A Call for More Professionalism in Tech - doki_pen
https://speakerdeck.com/garann/bacon-is-bad-for-you

======
kirinan
OMG You can't say that.

There now that is done, this needs to happen. Being professional means
accepting the things you can't changing, and changing the things that you can.
Being professional is about being a real profession, getting paid like it and
delivering value no matter what you are doing. Ping pong tables, red bull and
casual dress codes aren't perks for professionals because they know that they
can afford that by delivering value, they'd much rather buy it with money they
earned working their 9-5 job. Being professional means that you respect your
colleagues, but still push them to do their best. Ultimately, it is the
opposite of what our field has become, and most business people think its a
joke (read everyone else we work with).
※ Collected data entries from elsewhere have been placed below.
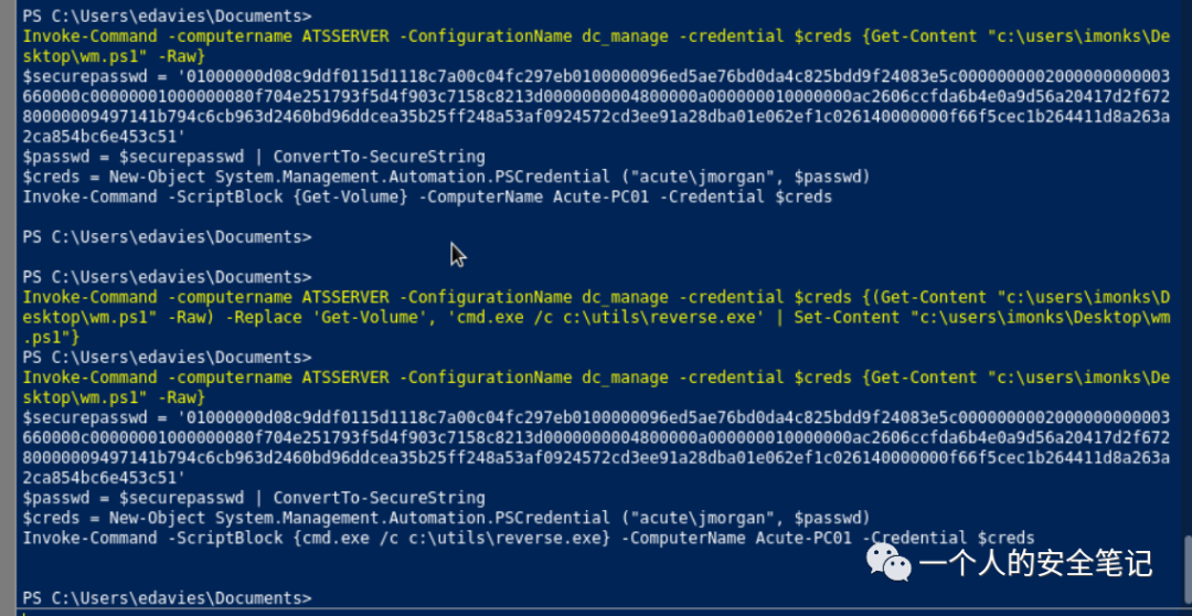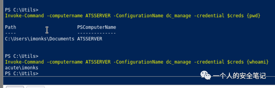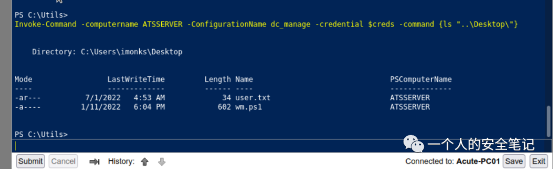 Invoke-Command -computername ATSSERVER -ConfigurationName dc_manage -credential $creds {pwd}可以看到在 imonks 用户下除了 user.txt 文件,还存在一个 wm.ps1 脚本。
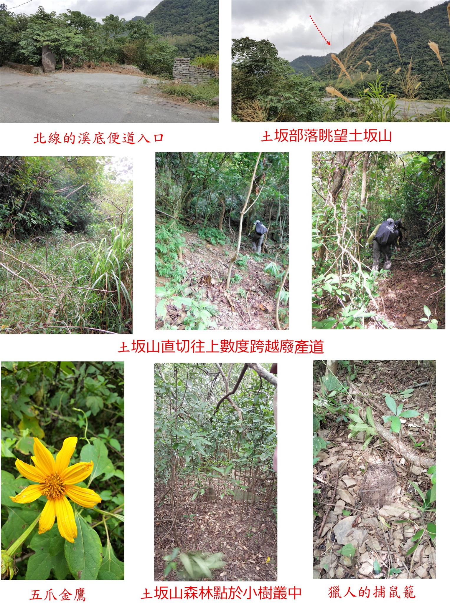 由部落內的東68線7.25K叉路取左續行過土坂吊橋至9.1K的新興橋前叉路【0K】,不過橋左轉西線的溪畔產道盤繞往上至2.3K水泥路終點,此產道繞經565峰南面,續行至土石路至3.3K叉路,此段土石路路況超差開的心驚膽戰、只能硬著頭皮往前、轉下坡至5.6K二線交會的叉路,此路口即土坂山登山口;接到部落溪底便道上來的道路,右為土石路,取左往部落的水泥路走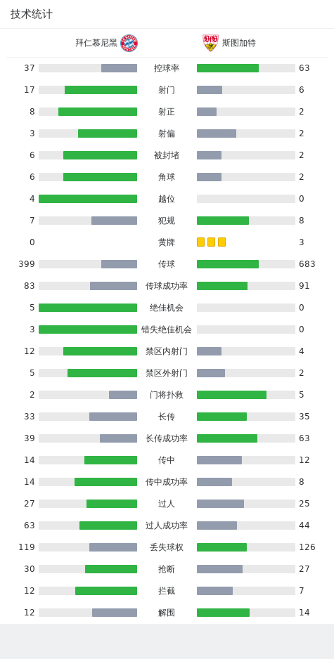 直播吧5月4日讯 在本轮德甲联赛,拜仁客场1-3不敌斯图加特,以下为双方全场数据对比: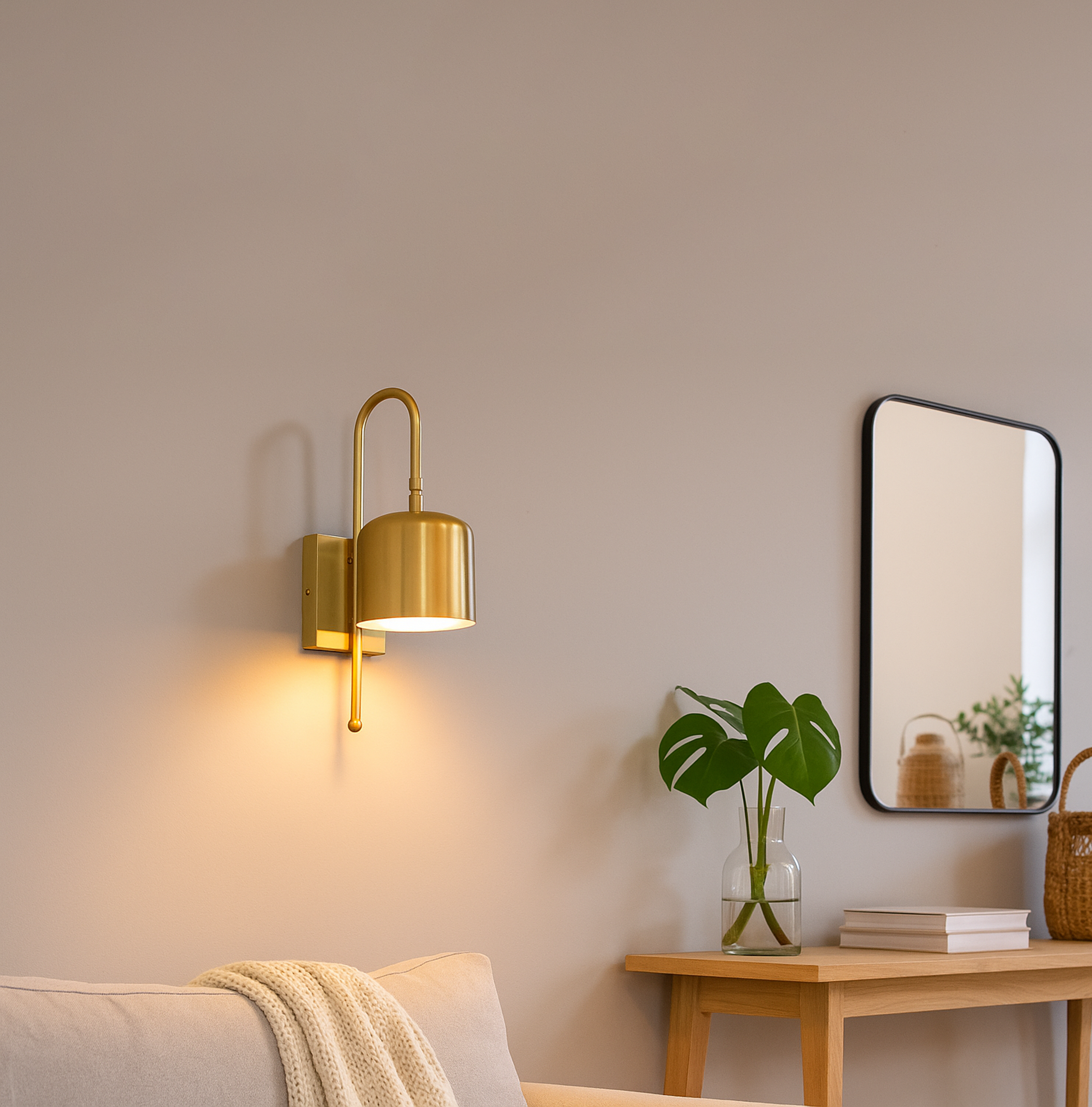 Introducing our exquisite wall lamp, a stunning addition to your home decor. With its sleek golden color finish, this lamp exudes a sense of contemporary elegance that will enhance any space. The striking design, reminiscent of a delicate one branch design, adds a touch of nature-inspired beauty to your walls. Its unique shape, gives it a charming and playful aesthetic that will surely catch the eye of your guests.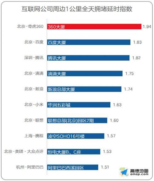 数据显示,奇虎360全天拥堵指数排名第一,排名第二名和第三名的分别是百度和腾讯,滴滴、新浪、小米、联想、携程、美团点评、阿里巴巴也均挤入前十。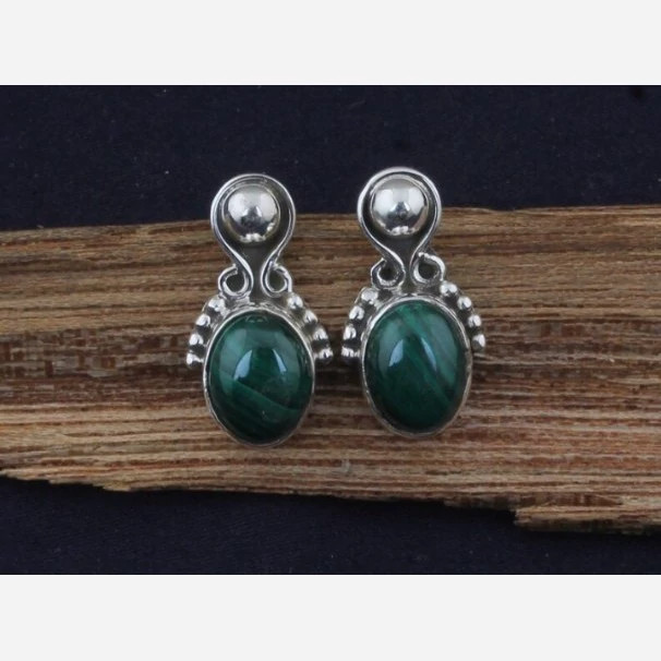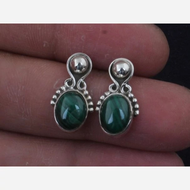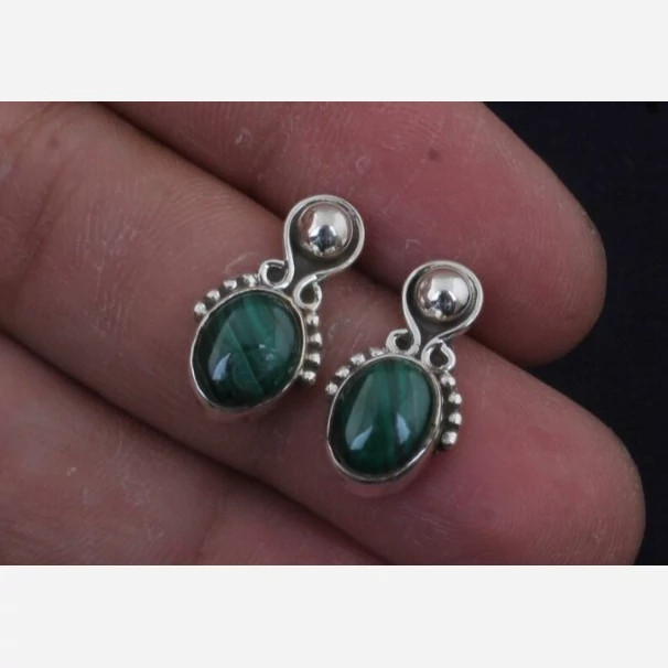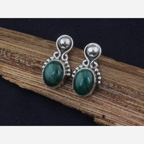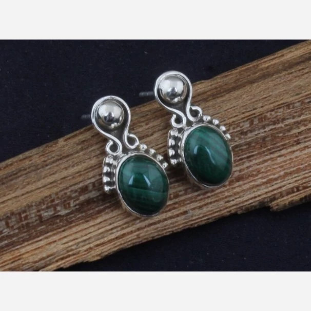 گوشواره مالاکیت طبیعی دست ساز نقره عیار 925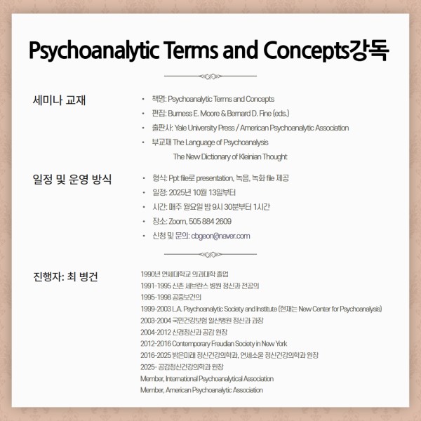 [최병건 정신분석가 온라인 세미나 안내]_Psychoanalytic Terms and Concepts 강독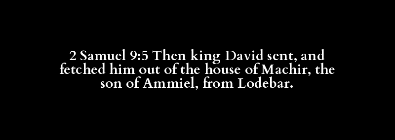 2 Samuel 9:5 Then king David sent, and fetched him out of the house of Machir, the son of Ammiel, from Lodebar.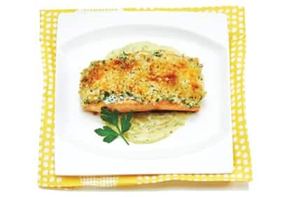 1. Dans un bol, mélanger le yogourt, la mayonnaise, les oignons verts et la coriandre. Mettre les filets de saumon sur une plaque de cuisson tapissée de papier d'aluminium, légèrement huilé, et les parsemer du sel et du poivre. Étendre uniformément le mélange de yogourt sur les filets de saumon. Dans un petit bol, mélanger la chapelure et le beurre. Parsemer les filets de saumon de ce mélange et presser légèrement pour le faire adhérer. Cuire au four préchauffé à 425˚F (220˚C) pendant environ 10 minutes ou jusqu'à ce que la chair du saumon se défasse facilement à la fourchette et que la chapelure soit dorée.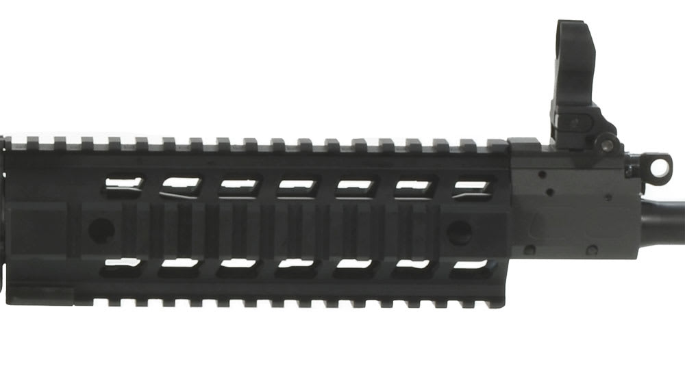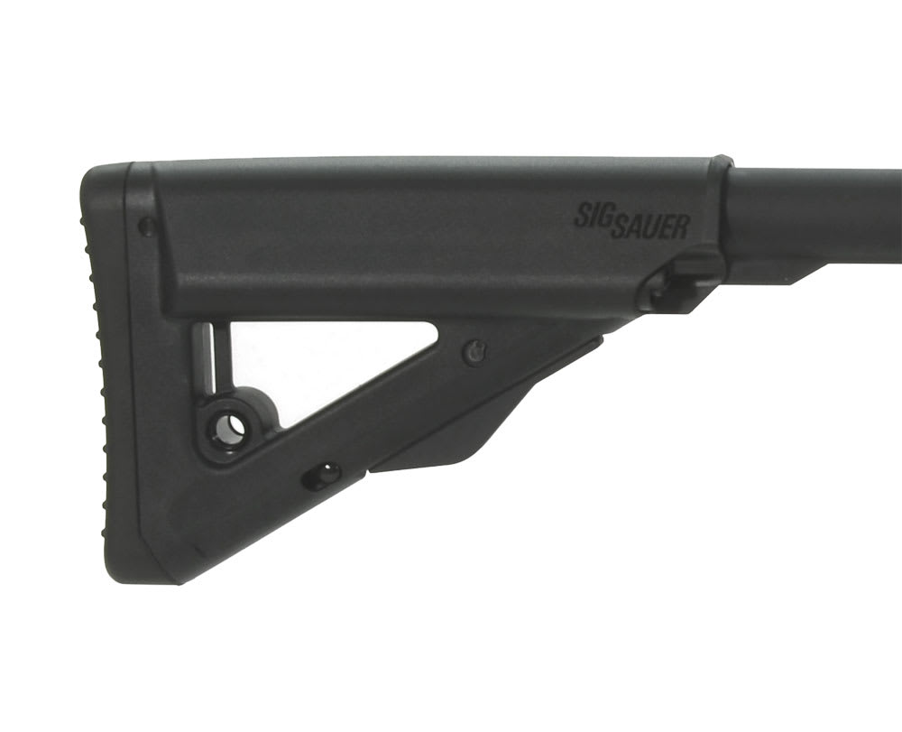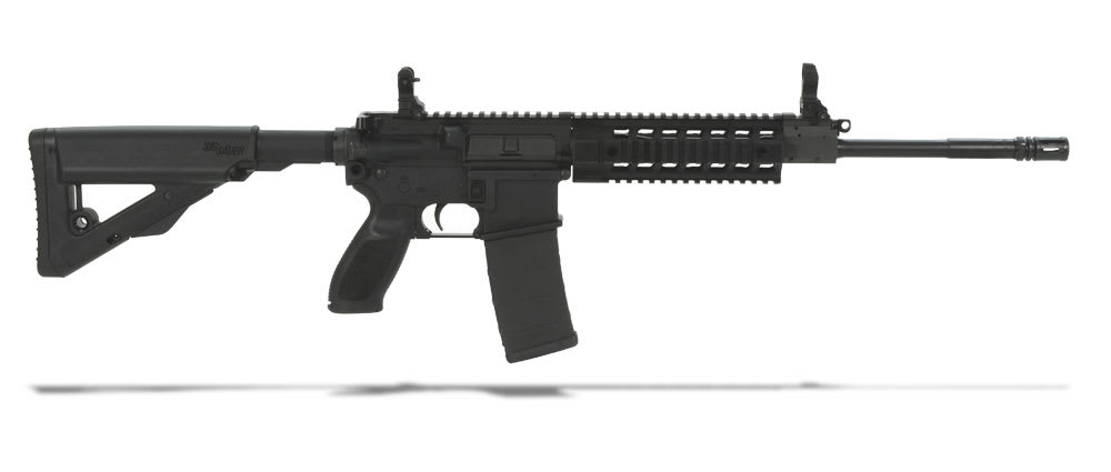 A 16" chrome-lined barrel is chambered in 5.56mm NATO and is surrounded by a free-floating aluminum forend. The top rail is optic-ready and includes SIG SAUER flip-up iron sights.

The best technical people I've worked
with were real people, with real hobbies and passions. They didn't sit behind
a desk and have "cool" projects but rather they did excellent work, went home
to brew craft beer (or whatever), and had real stories/experience and had
lived real lives. I don't honestly give a shit if you wrote an operation
system or a programming language if you are intolerable to work with or just a
plain uninteresting person. Being technically able to great for technical
jobs, but I'd rather hire a professional that gave me 8 hours of his/her best,
than some guy who was boring as hell but gave me 12 hours every day (including
weekends).